语音到文本（ST）是将一种语言的语音翻译成另一种语言的文本。早期的ST模型使用了结合自动语音识别（ASR）和机器翻译（MT）的管道方法。这种模型受到级联错误传播、高延迟和内存消耗的影响。因此，提出了端到端（E2E） ST模型。将E2E - ST模型应用于新的语言对，会导致在先前训练过的语言对上的性能下降。这种现象被称为灾难性遗忘（CF）。因此，我们需要能够持续学习的ST模型。本工作提出了一个新的持续学习（CL）框架的E2E ST任务。我们的方法背后的核心思想结合了比例语言抽样（PLS）、随机抽样（RS）和增强。RS通过积极地从当前任务中抽样来帮助更好地完成当前任务。PLS从过去的任务数据中取等比例的样本，但可能导致过拟合。为了减轻这种情况，使用了PLS+RS的组合方法，称为连续双采样器（CBS）。然而，由于来自过去任务的重复样本，CBS仍然存在过拟合的问题。因此，我们将各种增强策略与CBS相结合，我们称之为连续增强双采样器（CABS）。我们在4个语言对的MuST-C （One to Many）和mTEDx （Many to Many）数据集上进行了实验，BLEU平均分比基线分别提高了68.38%和41%。与梯度情景记忆（GEM）基线相比，CABS还减轻了MuST-C数据集中82.2%的平均遗忘。结果表明，本文提出的基于CL的E2E - ST确保了之前训练过的语言之间的知识保留。据我们所知，之前还没有在CL设置中研究过E2E ST模型。

本文章由计算机程序翻译，如有差异，请以英文原文为准。

求助全文

约1分钟内获得全文求助全文

来源期刊

Computer Speech and Language 工程技术-计算机：人工智能

CiteScore

11.30

自引率

4.70%

发文量

审稿时长

22.9 weeks

期刊介绍： Computer Speech & Language publishes reports of original research related to the recognition, understanding, production, coding and mining of speech and language.
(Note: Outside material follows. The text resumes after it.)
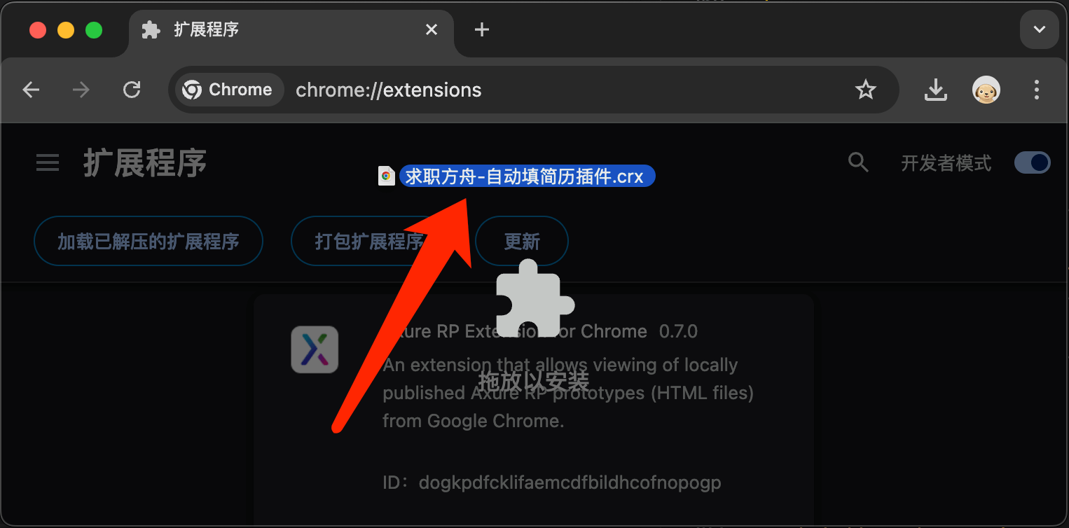 - 安装插件文件:将下载的zip文件“解压缩后”,找到其中的“crx文件”拖入扩展程序页面。

The speech and language sciences have a long history, but it is only relatively recently that large-scale implementation of and experimentation with complex models of speech and language processing has become feasible. Such research is often carried out somewhat separately by practitioners of artificial intelligence, computer science, electronic engineering, information retrieval, linguistics, phonetics, or psychology.